The red energy bore into it, leaving the shield shimmering stark white where it absorbed the attacks. Zephyro grunted, face twisted in concentration. He glitched once, twice, then the entire world shifted around us.
For a second, I could see how the battlefield must look in the real world. Thousands of motionless machines lay in front of the main bunker gates, covering every inch of the Marshalling yard as automated turrets fired torrents of bullets and energy into a haphazardly built, 9-legged robot.
Then the world glitched again, shifting back into Zephyro’s Domain.
The Vizier was bleeding from mouth and eyes again, his form shifting with digital fragments.

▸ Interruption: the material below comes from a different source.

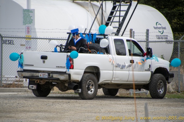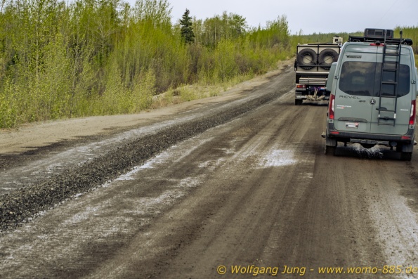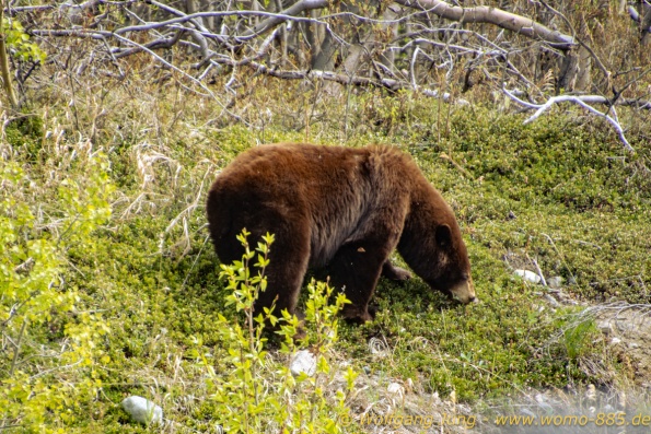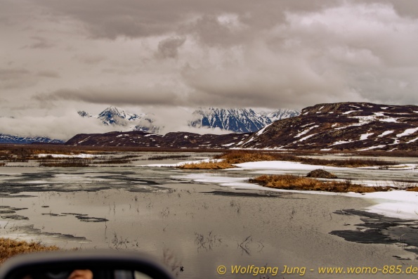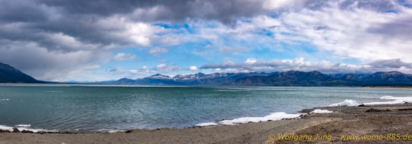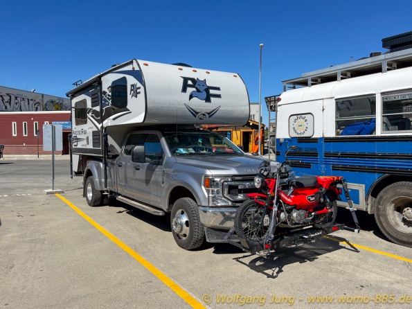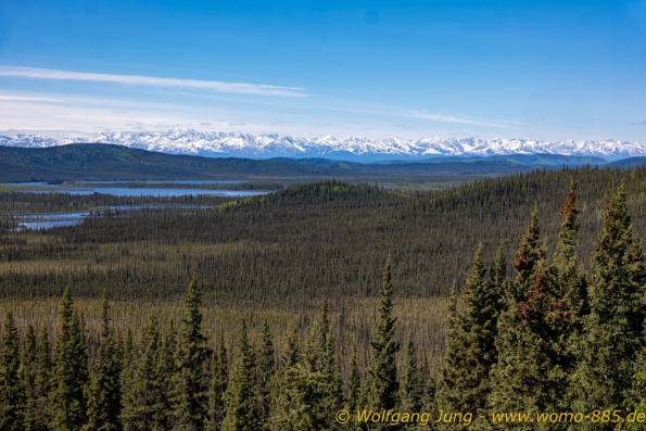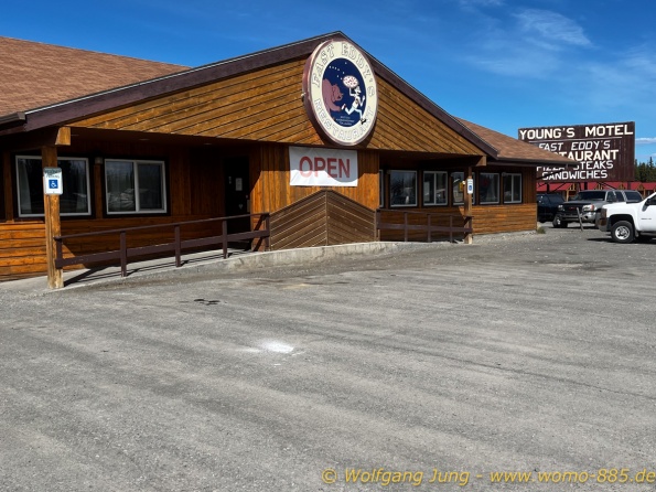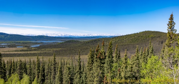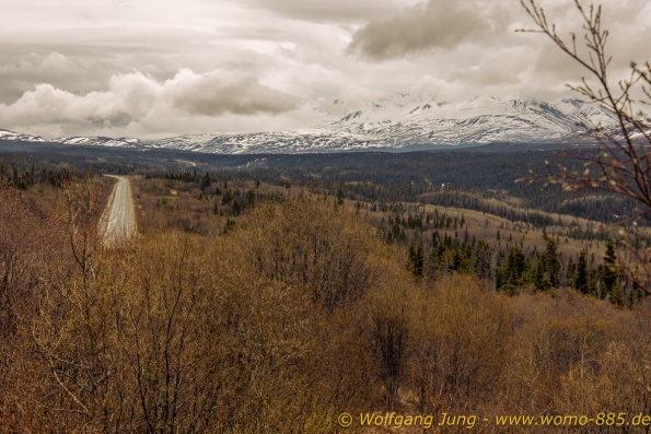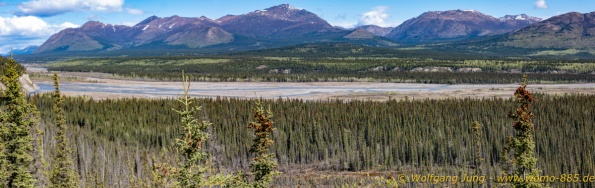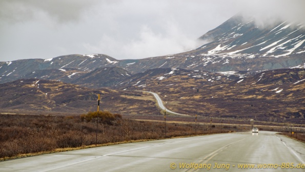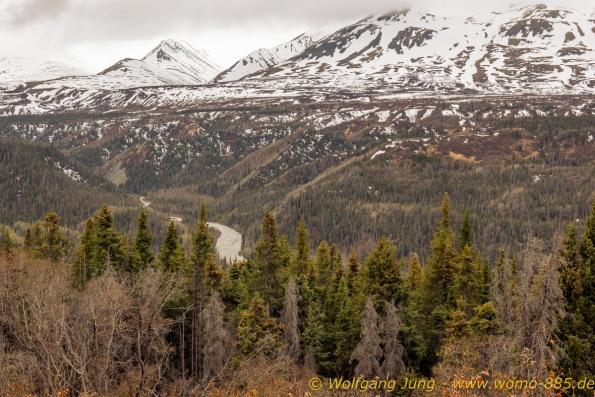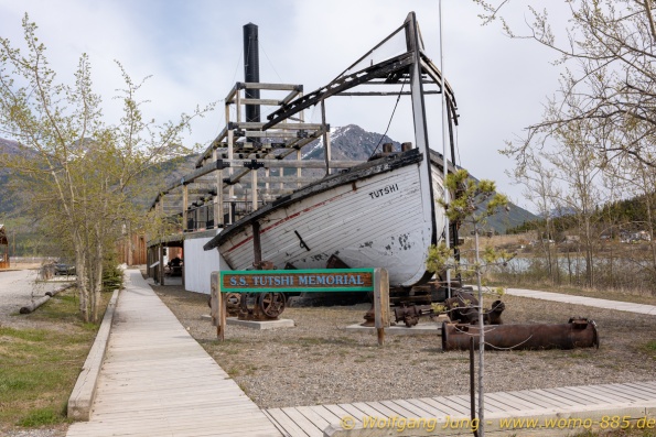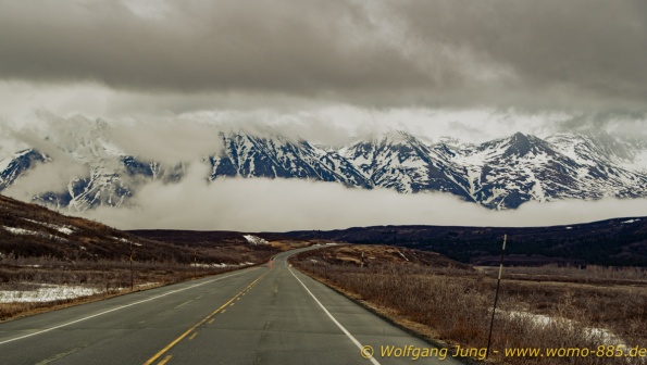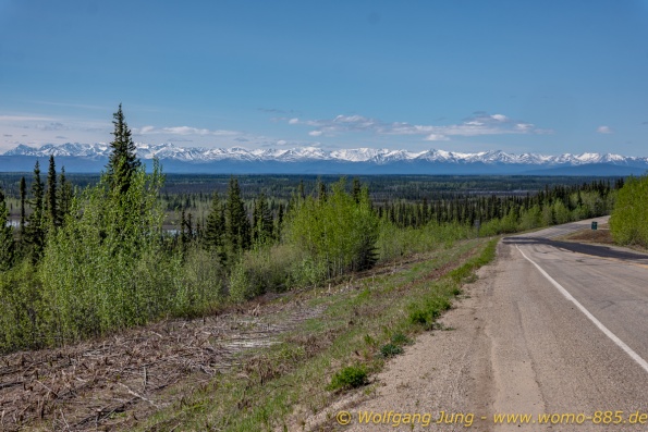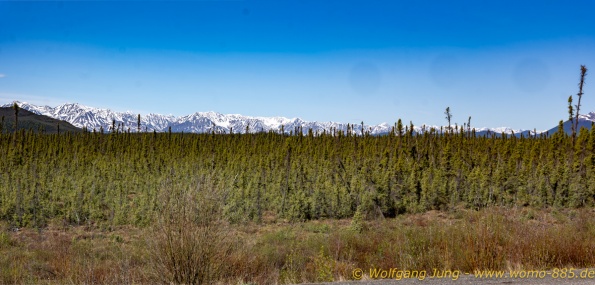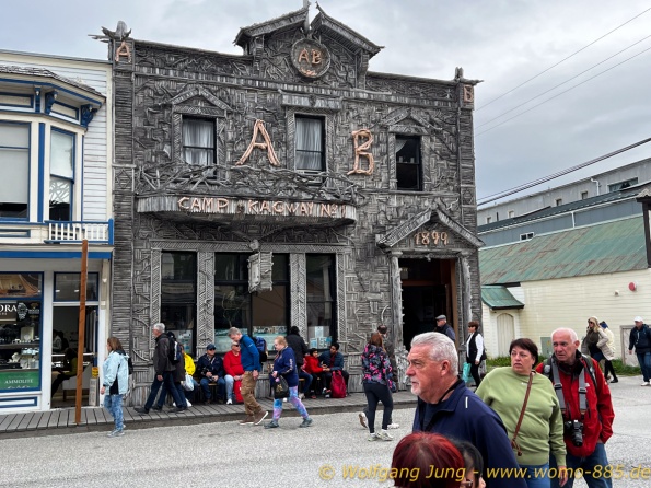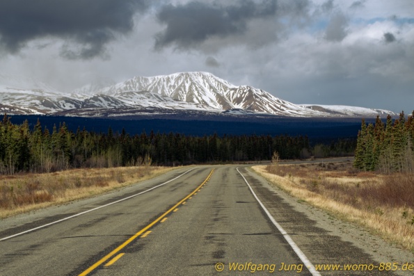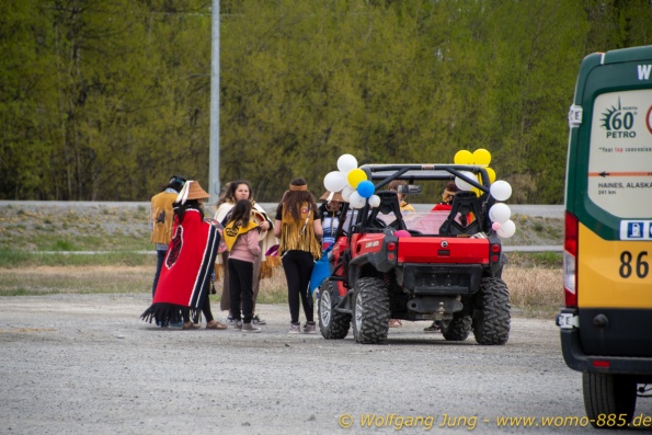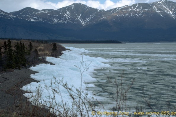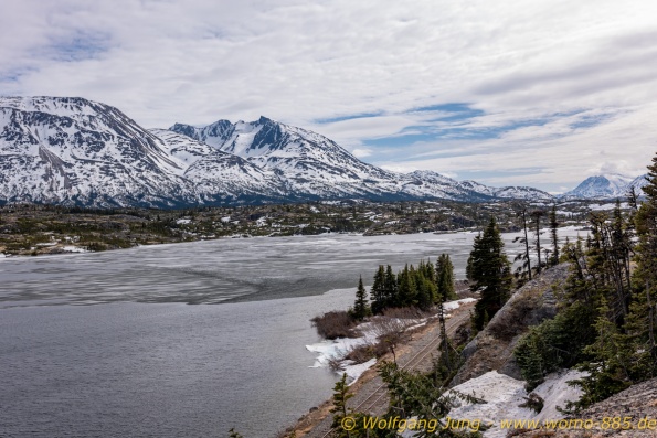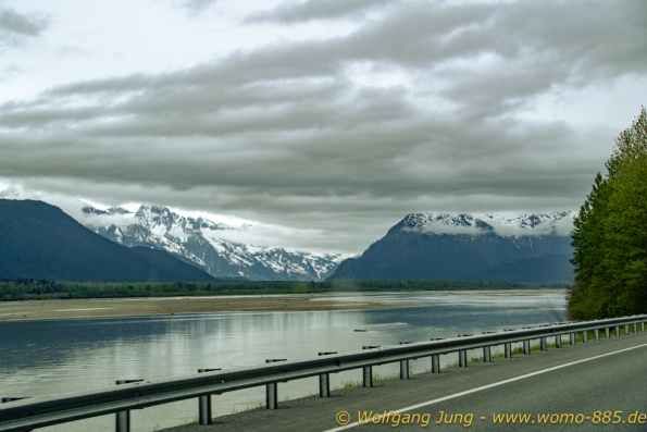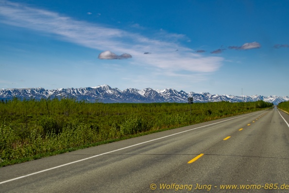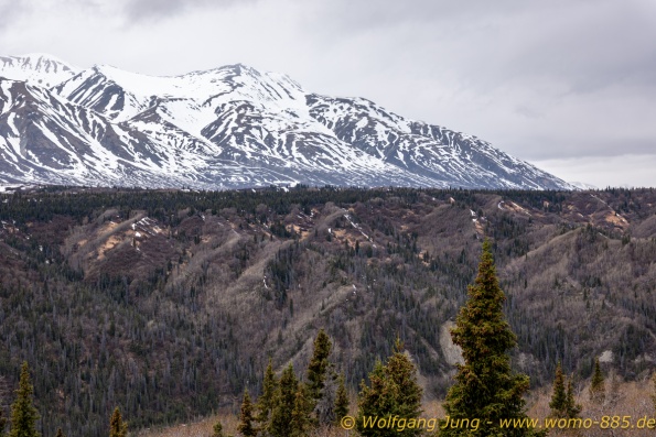 Von Whitehorse nach Skagway, AK über den Whitepass eine sehr schöne Strecke. Die ist Anziehungspunkt für die vielen Kreuzfahrer. Im Goldrausch von Dawson kamen hier 1897 tausende von Glückssuchern an und Alle waren zu spät, der Kuchen längst verteilt. Wir fahren mit der Fähre 20 km nach Haines. Von hier folgen wir nun 3 Tage erst dem Haines Hwy, dann dem Alaska Hwy. Diese führen entlang des Verbundes der National Parks - Glacier Bay - Kluane - Wrangel St. Elias - nach Nordwesten. Über 700 km entlang schneebedeckter Gipfel .......

I yanked Pharus toward me, pulsing my will through the weapon as my eyes narrowed on the Hunger. It opened its many mouths at once, each bulging with a sickly membrane that stretched out of their throats. With a wet ripping sound, the first thin layer of flesh ruptured, dozens of malformed, half-mutated ferals over the battlefield. The others followed within seconds, like the world’s most disgusting microwave popcorn.

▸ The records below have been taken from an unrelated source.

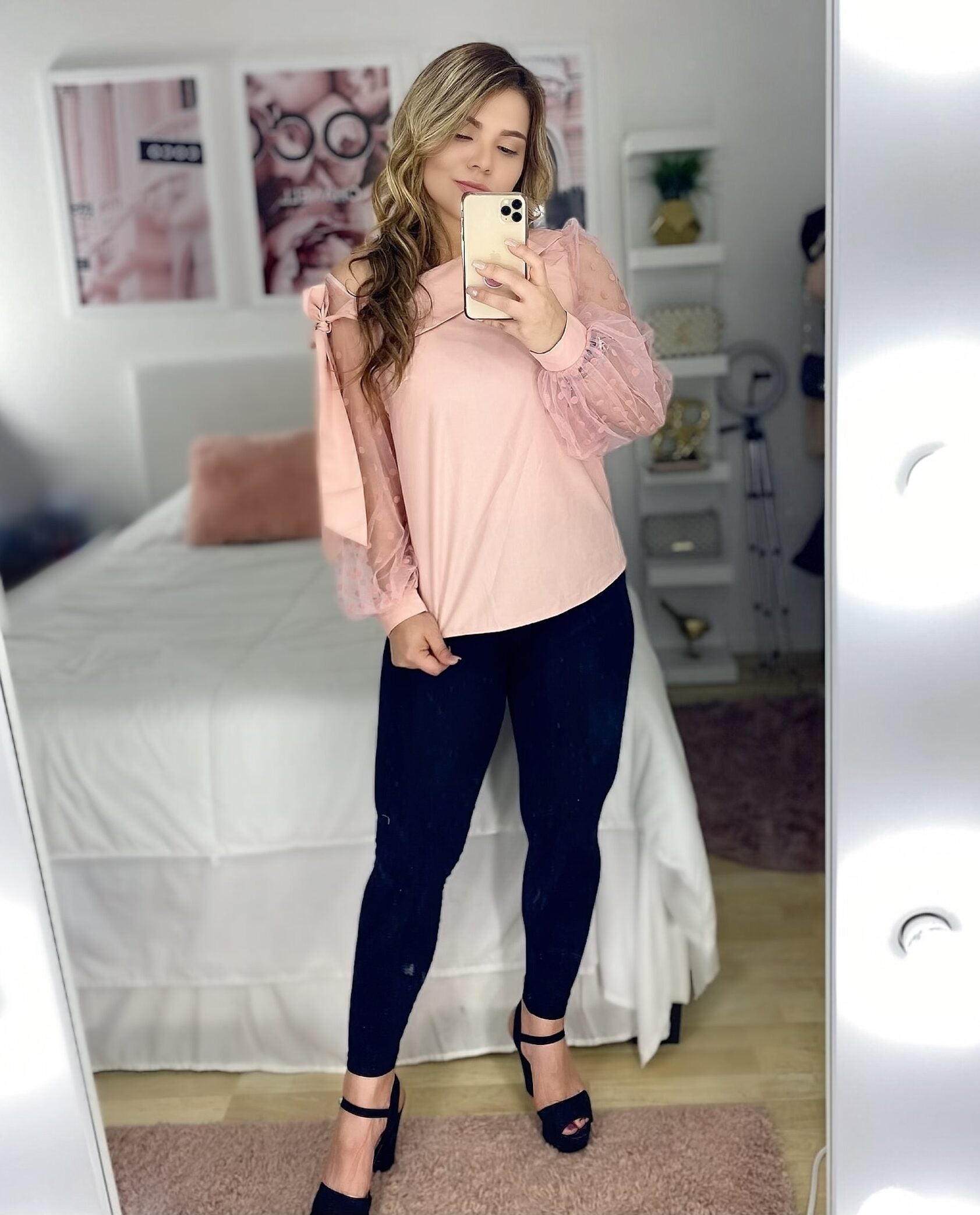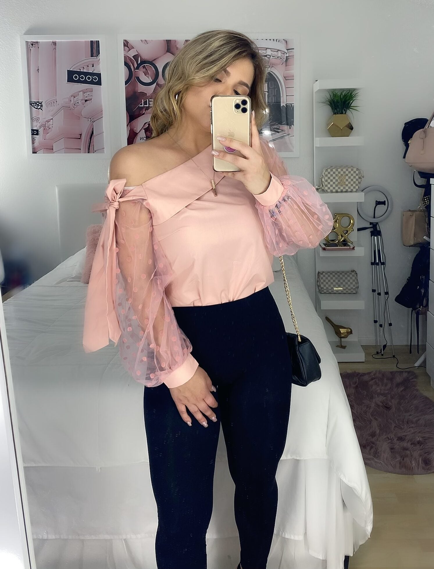 BLUSA ROSADA MANGA LUNARES CON NUDO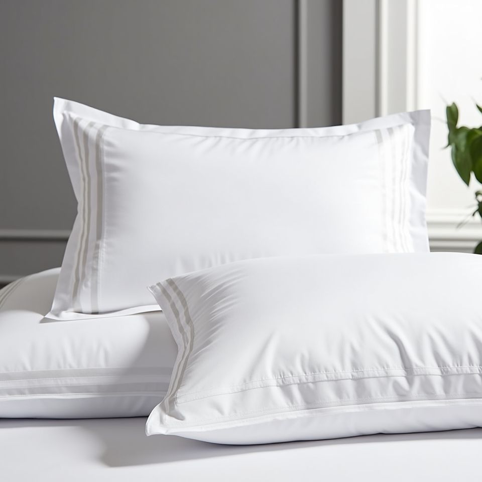 ปลอกหมอนผ้าซาตินลายทางสไตล์โมเดิร์นหรูหราขนาด55X85ซม. ผ้าผสมโพลีคอตตอนพร้อมชายผ้าทอแบบฝรั่งเศส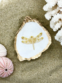 Gold Dragonfly Oyster Trinket Dish

“Bloody oath, that thing will be hard to kill,” Mr. Asai said, handing me his drink. Without even looking back at me, he pulled his hood over his head, bathing his face in starlit darkness.
“Luckily, killing things that are hard to kill is kind of my thing.”
“You have an awful lot of ‘things,’” I said, holding a burning Pharus in one hand, a tropical drink in the other.
“Being told I have too many things is also kind of my thing,” Mr. Asai said, cosmic eye winking at me, a split second before his own shadow swallowed him whole.
For a second, I stood there, not knowing what to do with the drink in my hand. Then I yanked my arm back and threw it at the abomination spawning its children as hard as I could. It sailed through the air, crashing against the horror’s side, covering it with very sweet, very alcoholic, very flammable liquid.
Before the coconut had time to hit the ground, Pharus crashed into the same spot, igniting the alcohol in a flash.